Returns to local education authorities to the Department for Education and Skills, showing the funding position in the financial year 2004/2005, demonstrate that over a third of English LEAs (55 in total) do not spend up their Primary SFSS (Schools Formula Spending Share) ie the funding intended for pupils in primary schools.

This could be for political reasons (eg council tax) or for other reasons (eg higher priorities as seen by the LEA). But the fact remains that many primary schools are losing out.

Some LEAs only underspend by small percentages as the attached table shows. Many underspend by big margins. The table shows the percentage shortfall in each case and the amount of money a typical 200 pupil primary school has been deprived of because the LEA has failed to spend up to its primary SFSS.

The worst offenders by type of local authority are:

London Borough/Cash Shortfall for 200 Pupil School

Brent£47,800

Islington£47,200

Redbridge£37,200

Metropolitan borough

Oldham£43,400

Manchester£42,600

Bolton£23,400

Sheffield£23,400

County Council

Lincolnshire£37,200

Cambridgeshire£33,000

Wiltshire£28,000

Unitary Authority

Brighton & Hove£39,200

Slough£39,000

Hereford£33,200

Reading£29,800

The reality is that this shortfall amounts to millions of pounds across the 55 LEAs.
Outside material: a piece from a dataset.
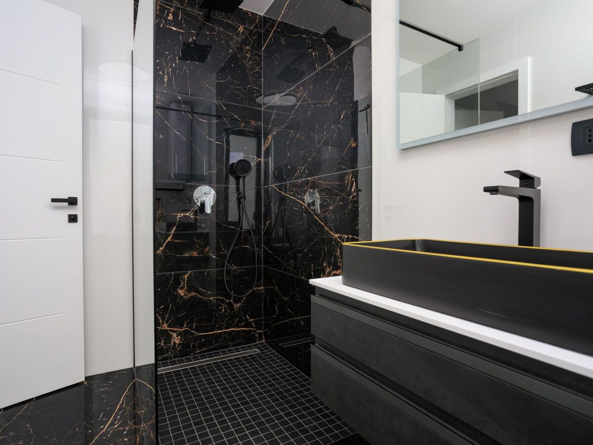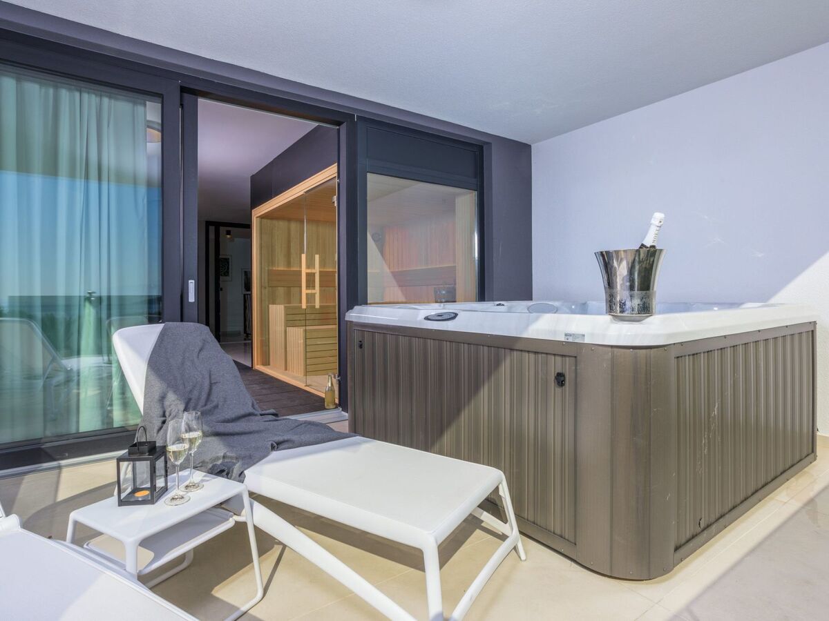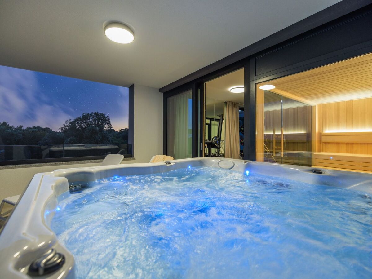 On the first floor there are two bedrooms with bathrooms, while on the second floor there is a bedroom with bathroom, gym, sauna and whirlpool.

If examples are taken from each type of authority it is possible to calculate how much the shortfall amounts to across each LEA's total number of primary schools:

LEA/shortfall

Brent£5.3m

Manchester£8.8m

Lincolnshire£10.0m

Reading£1.4m

Further details, including a figures for each LEA can be requested from LGCnet. Tel 0207 347 1832/3.

When the new three-year budgets (promised by the prime minister in his speech at our annual conference last May and now contained in the Education Bill) come into force, from the 2006/2007 financial year, matters will improve. The new ringfenced dedicated three-year budgets will force every LEA to spend at least up to its SFSS by the end of a transitional period.

In the meantime, primary schools, in too many parts of the country, are being expected to deliver major reforms such as the Workload Agreement when their LEAs will not even give them the funding they are entitled to receive.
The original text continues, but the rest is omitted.